Марков. Из Москвы, как выяснилось, никогда и не уезжал. (Обведя рукой комнату.) А здесь появился с год.
Голубь. Зачем пустил?
Марков. А как было не пустить? Пришел овечкой: «Кто старое помянет, тому глаз вон. Узнал о вашем горе. Друзья познаются в беде…» И так далее. Язык у него и раньше был хорошо подвешен… А за десять лет и многое другое приобрел. Ума и таланта не отнимешь: директор научно-исследовательского института новых строительных материалов – и звучит внушительно, и на самом деле промышленности уже кое-что полезное дал. В тридцать четыре года – доктор технических наук! Вдобавок – в гордом одиночестве.
Голубь. Не женат?
Марков. Нет. Не знаю уж, как там у него жизнь складывалась, не расспрашивал. Но факт остается фактом – не женился. И, конечно, сразу дал понять, что по причине десятилетней безответной любви. А для женщины это много значит! Глупа, умна, любит сама или не любит – все равно приятно. В общем, она ему поверила.
Голубь. А ты?
Марков. Я? Нет. Просто имеет человек дар замечать, где что плохо лежит. Да и какое это имеет значение, поверил или не поверил я?
Голубь. Как какое? Раз не поверил, надо было сказать!
Марков. Кому?
Голубь. Ей!
Марков. Да ведь вроде как-то некрасиво… Гордость не позволила… Да… В общем, стал ходить к нам. Есть же такие люди. У них какой-то нюх на чужую беду. Я ее не умел утешать, сам горевал. А он… Он это умеет: и нежность, и внимание, и «ты мне нужна», и «я без тебя не могу». Худо я про него говорю?
Голубь. Да, с пристрастием говоришь.
Марков. Не могу иначе. Не люблю его. За все. А больше всего за то, что она его любит.
Голубь.

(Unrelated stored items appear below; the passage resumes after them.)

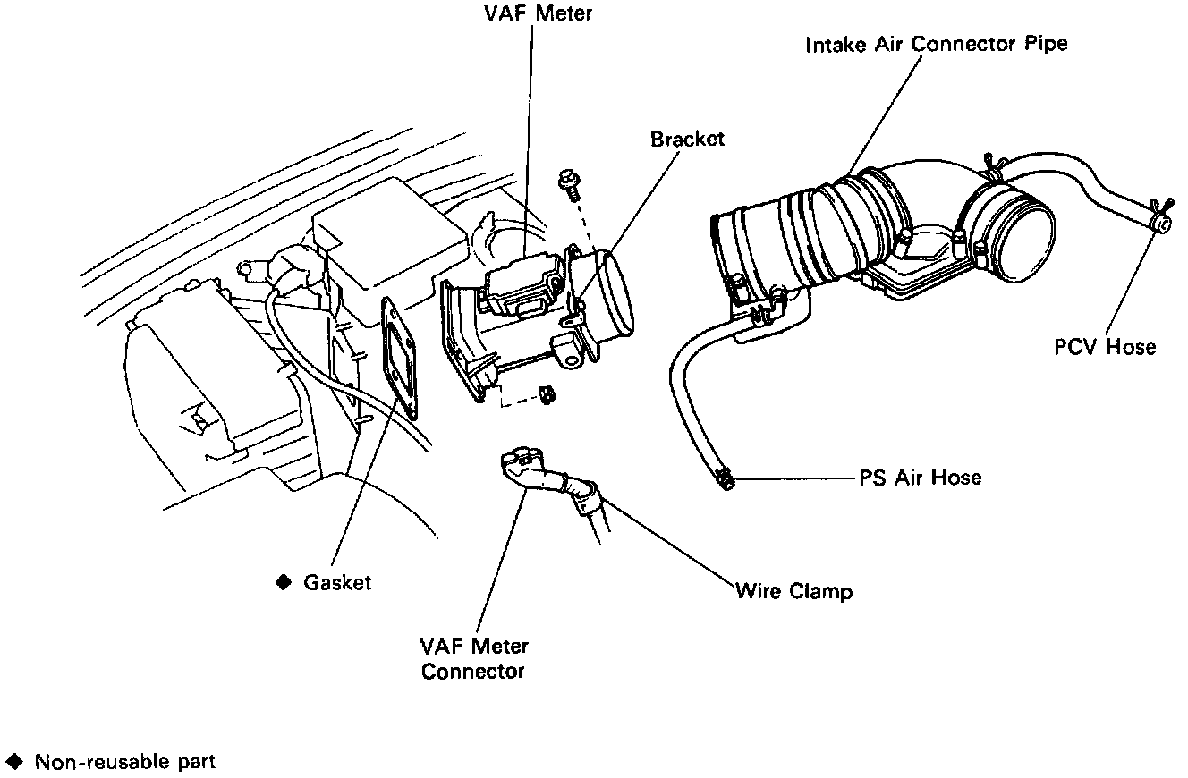- Remove the 4 nuts, bolt, VAF meter and gasket.
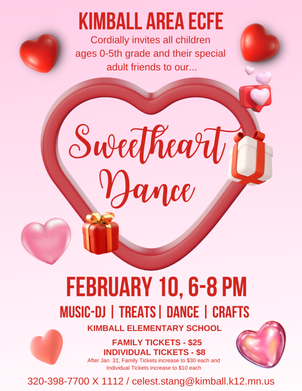 Kimball Area's ECFE program cordially invites all children (ages 0-5th grade) to bring their favorite adult to our upcoming Sweetheart Dance on Feb. 10 from 6-8 pm at the Kimball Elementary School.
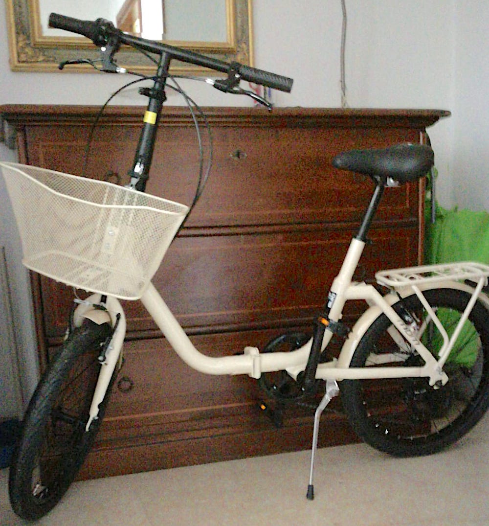 descrizione / segni particolari: bici pieghevole, telaio beige,
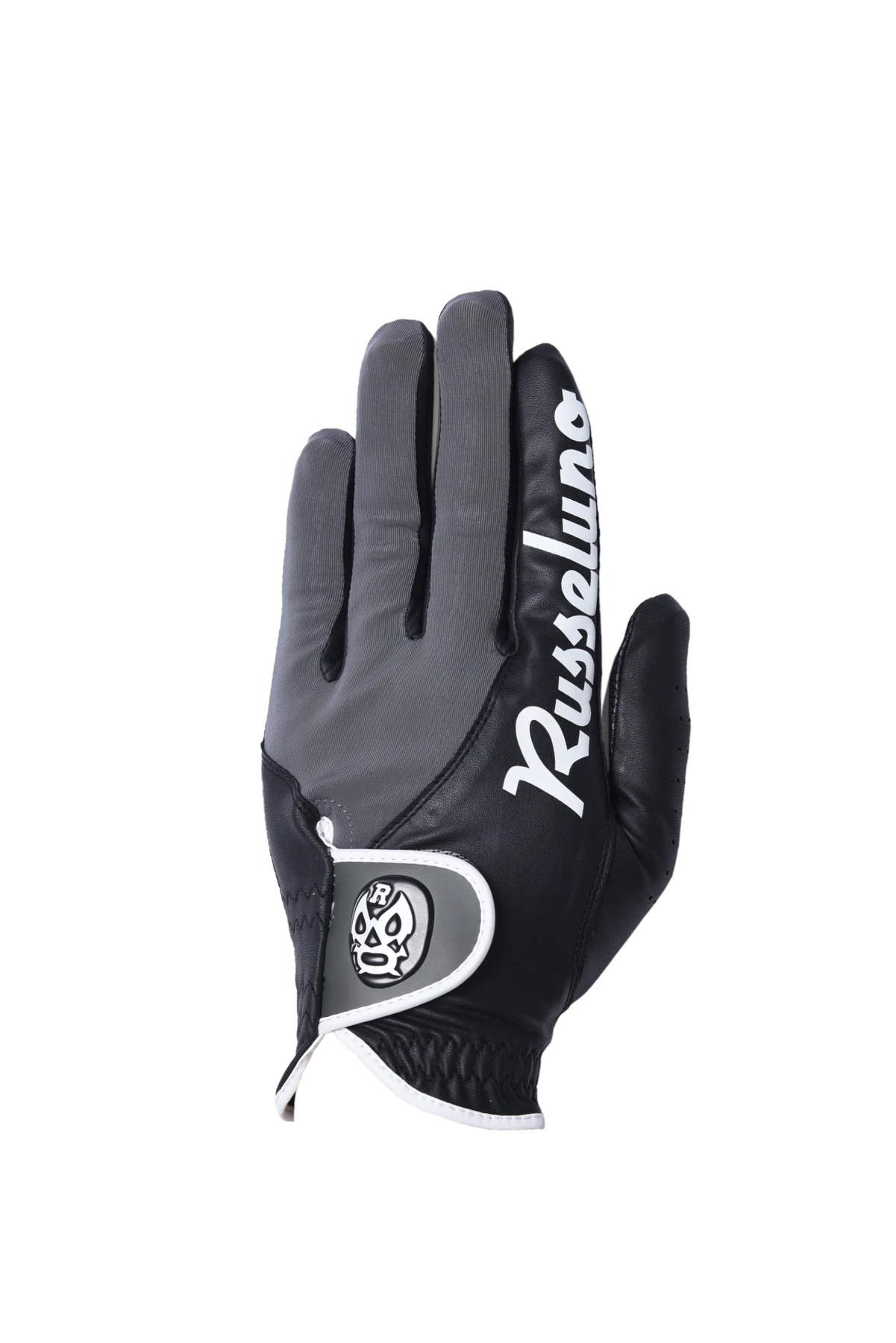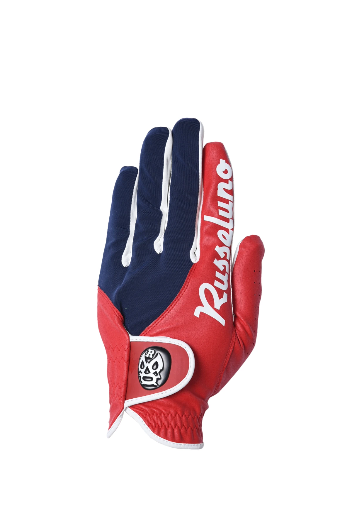 人差し指にRusselunoロゴが入ったグローブです。マジックテープの部分にLUCHAのPVCワッペンがつきます。合成皮革とポリエステルのコンビネーションで合わせやすく、主張もあるグローブです。
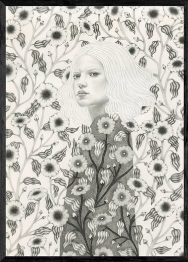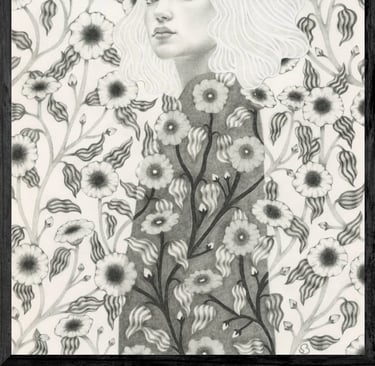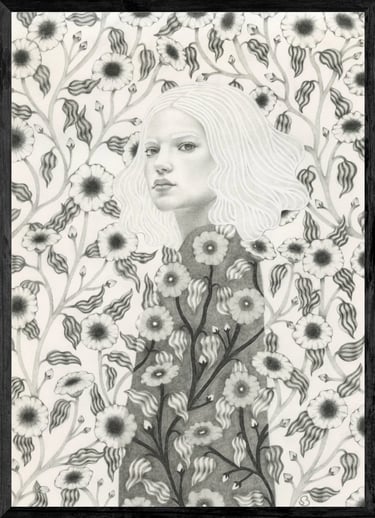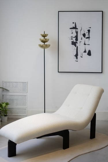 Es así como en Oromanta, quienes empezaron con muebles tallados a mano, volvieron a estos orígenes con una vuelta de rosca estilo provenzal sútil en madera negra acompañado de mobiliario con líneas simples, velas y “Desdemona” en soporte Canvas 90x126 cm por Sofía Bonati.
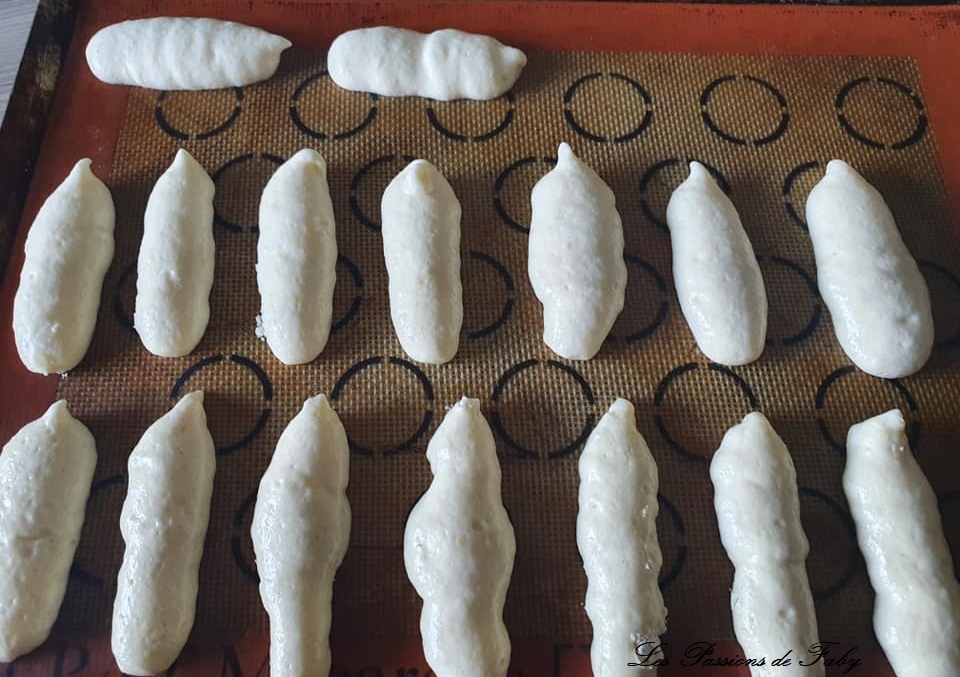 Verse le mélange dans une poche à douille unie (ou sans douille) et dresse des bâtonnets sur une plaque recouverte d’une feuille de papier cuisson (ou silicone, ou silpat®) Les bâtonnets sont censés avoir la même taille et le même gabarit (surtout si tu veux faire une charlotte, ça aide, je te conseille de dessiner au crayon de papier sur ta feuille de papier sulfurisé ton patron si comme moi tu n’es pas doué 😅) Si c’est pour déguster un café ou un thé, c’est pas trop grave . 😋😁
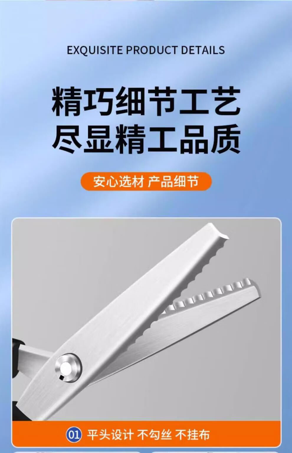 Meschute German lace tailor scissors, special overlocking sawtooth scissors for sewing and cloth cutting, household cloth scissors, stainless steel hand scissors, wavy teeth 7mm, upgraded thickened gift box
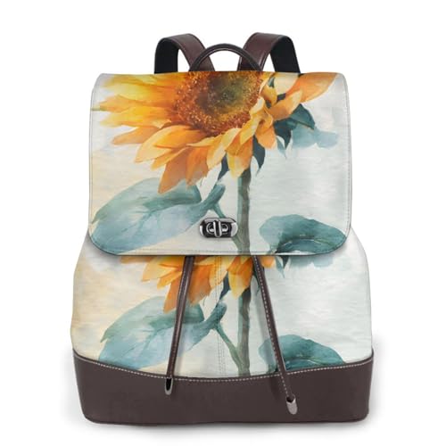Watercolor Sunflower Print Leather Women's Backpack Travel Bag Ladies Versatile Small Backpack Business Leisure,One Size
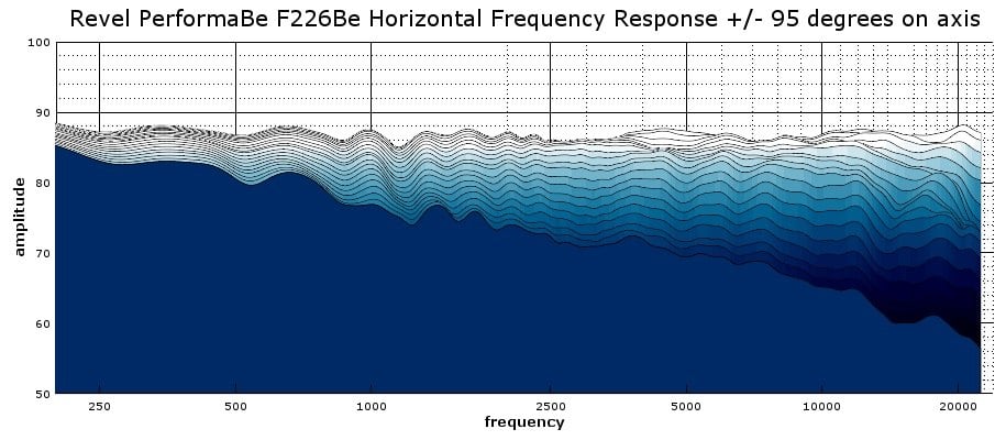 The above graphs depict the PerformaBe speakers’ direct-axis and horizontal dispersion out to a 95-degree angle in five-degree increments. Information on how to interpret these graphs can be read in our article Understanding Loudspeaker Review Measurements Part II. This is excellent performance and is something we have come to expect from Revel. Both speakers have a very flat response as well as a smooth off-axis response. Both speakers exhibit relatively wide dispersion, although, for some reason, the C426Be seems to have somewhat wider dispersion than the F226Be across the midrange and treble bands even though they use the same midrange driver and tweeter. Perhaps that is due to the much wider baffle of the C426Be as compared to the F226Be. What we can see from these graphs is that these speakers are very neutral. They produce an accurate sound over a wide angle in front of them. The listener does not have to be seated in a precise location to receive a full, balanced sound, so these speakers do not have a small ‘sweet spot.’
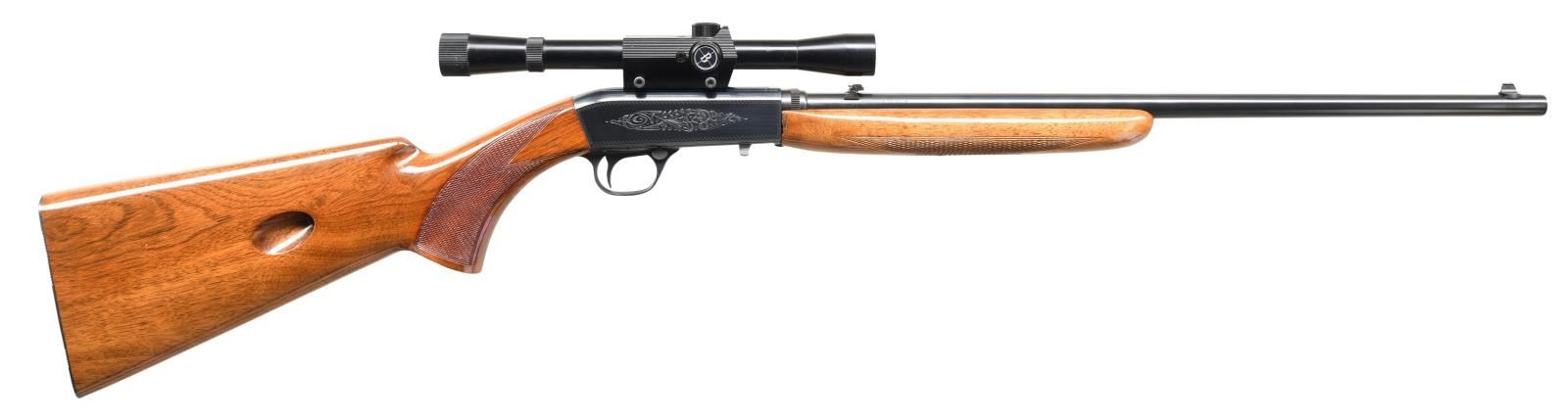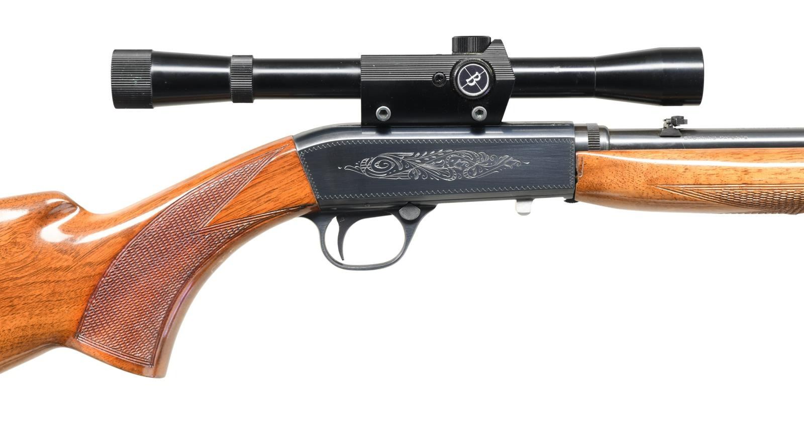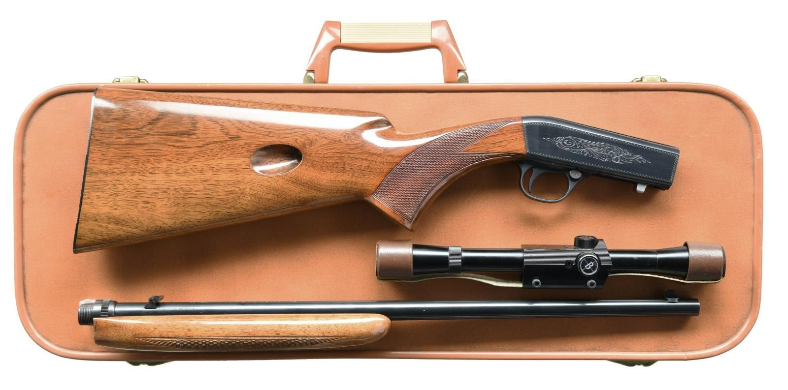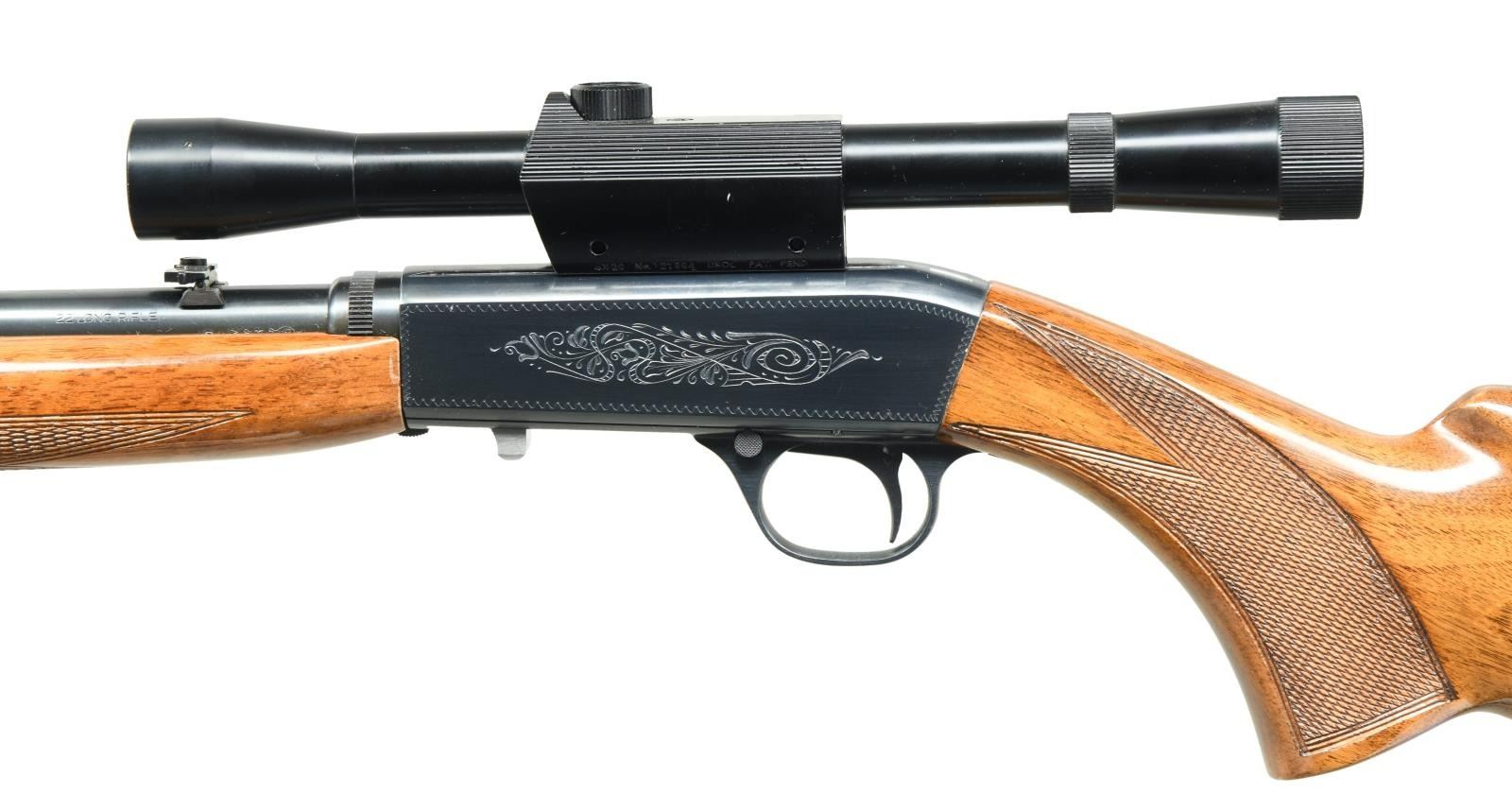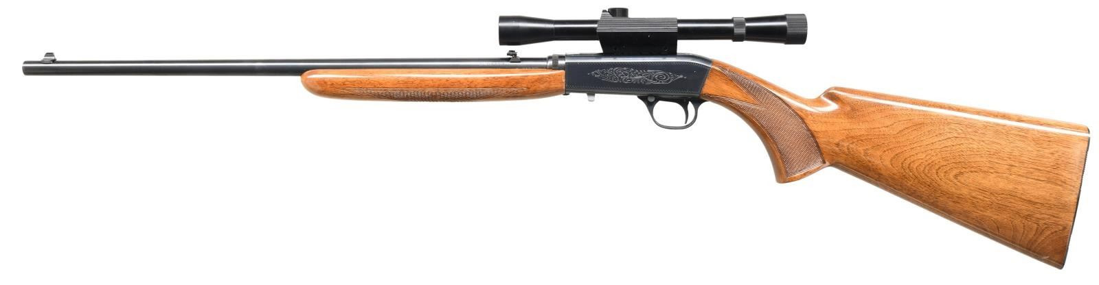 CASE. Cal. 22 LR. S# 2T46044. Bbl. 19 3/8". SA-22 semi-automatic rifle manufactured by FN in Belgium and imported/retailed by Browning Arms Company in 1962. The top of the barrel is marked with Browning's importer information above "MADE IN BELGIUM", with the caliber designation stamped on the left at the breech. Receiver, bolt, and barrel exhibit Belgian proofs. Receiver features light foliate engraving with a wavy line border on the left and right sides. Metal components exhibit a blued finish. Checkered wood buttstock with grooved steel buttplate, and checkered wood forend. Receiver is mounted with a Bushnell Scope Chief 22 4x20 scope. UNATTACHED ACCESSORIES: Hartmann brown leatherette case containing original factory paperwork. CONDITION: fine, with metal components retaining bountiful amounts of their original factory blue finish overall, exhibiting some light superficial marks from handling and storage. Brilliant mirror bore, exhibiting well defined rifling throughout. Wood furniture shows some scattered marks from handling and storage, but is otherwise very good overall. Scope retains a clear image. Case shows some mild exterior wear, with brass components exhibiting some mild oxidation and discoloration. PROVENANCE: The Collection of Gun Sport Ltd. owned by Jon R. Thomas. (23-3629/MLW). CURIO. $1,250-1,750.
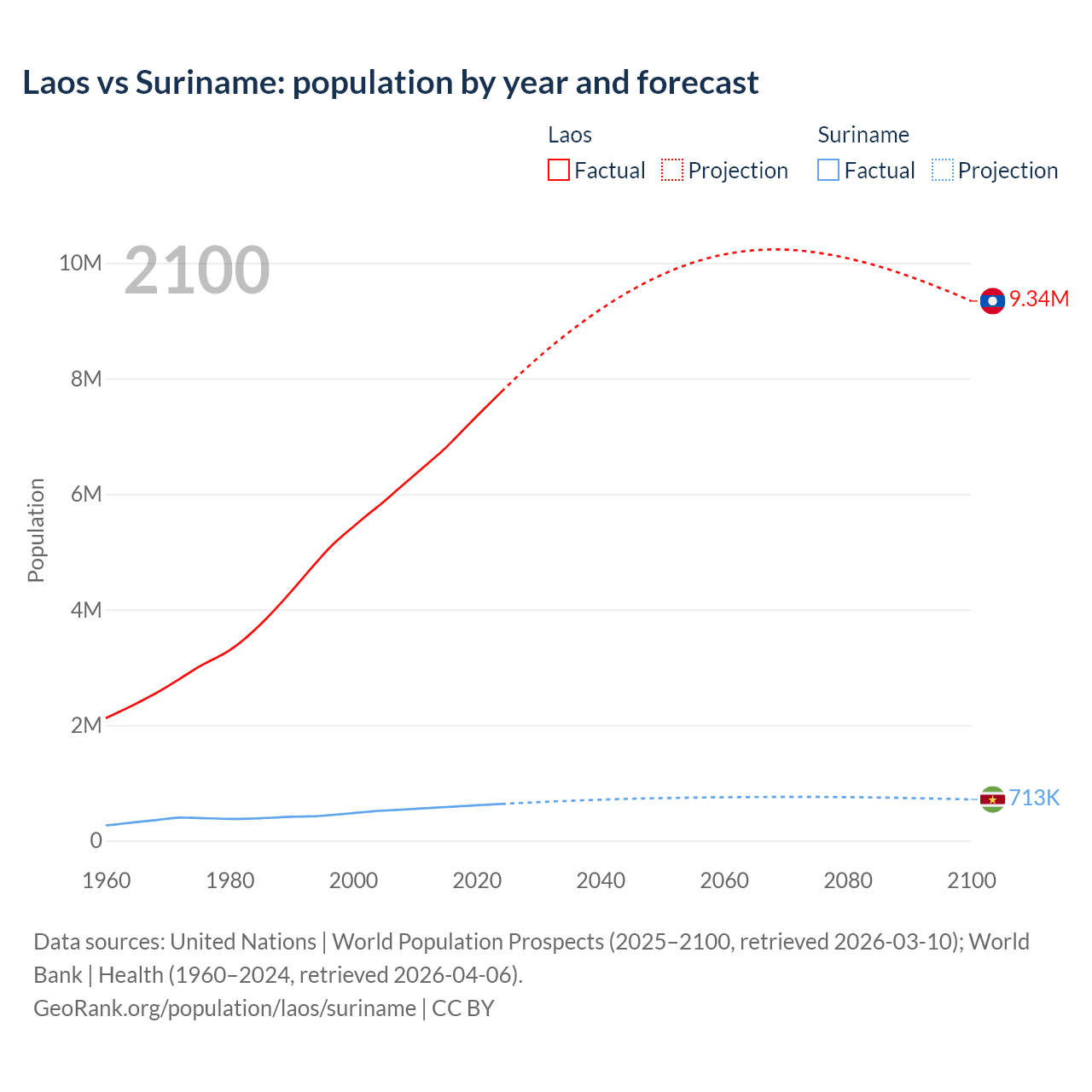 Laos vs Suriname: population by year and forecast

Что ты болтаешь?
Марков. Я не болтаю. Это так, дядя Коля. Она его полюбила, и теперь уж тут ничего не сделаешь.
Голубь. Как ничего? Как ничего, я тебя спрашиваю? А ты что ж? Молчишь? Пожалуйста, уходи, наплевать мне на десять лет жизни, на то, что любили друг друга, каждый кусок делили, на то, что она легкой жизни с тобой не искала, носом не крутила, медвежьих углов не боялась: куда тебя пятилетки бросали, туда за тобой и ехала! На все наплевать, так, что ли?
Марков. Последние два-три года все уже немножко не так, конечно…
Голубь. А что ж, ей прикажешь во второй раз университет оставлять? И так из-за тебя в тридцать лет кончит. А ведь она, я помню, еще девчонкой способная была – о литературе своей, бывало, говорила, заслушаешься! Кабы не ты да не ваши кочевья, может, уже в ученые б вышла!
Марков. Может быть.
Голубь. Вот то-то и оно-то. Так что теперь потерпи, посиди раз в жизни возле ее юбки, пока доучивается. Еще успеешь – накочуешься!
Марков. Не кричи. Отвык я от тебя. Шумный ты очень.
Голубь. Зато ты слишком тихий.
Марков. Тихий? Эх, старик, ну пусть другие, пусть даже она так думает, но ты… Тихий! Если б я, как раньше, верил, что она любит меня, я бы всех утешителей в окно покидал! Но ты же знаешь ее! Упади ей в ноги, скажи, что жить без нее не можешь – и разлюбит, а не уйдет. Не хочу этого говорить! Но желаю! Ну и все, и ладно! Что ты в самом деле – все Катя да Катя!
Голубь. Я?
Марков. Ну не ты, я. Все равно нехорошо. А ведь мы с тобой и до нее знакомы были и ведь находили, о чем говорить.
Голубь. Да, прямо скажем, в молчанку не играли.
Марков. А помнишь, что ты мне в Верхоянске сказал, когда мне вот так же, ну, не так же, но, в общем, тоже худо было?
Голубь. Нет, не помню. Что, коньяку, что ли, выпить посоветовал?
Марков. Нет, ты меня считать заставил: во скольких мы с тобой местах были; сколько домов за первую пятилетку построили, сколько за вторую; сколько спирта выпили; сколько пешком, сколько верхом, сколько на собаках. А когда сосчитали, ты меня спросил: «Ну, так в чем же дело?» Вот и я теперь себе говорю: «Так в чем же дело?»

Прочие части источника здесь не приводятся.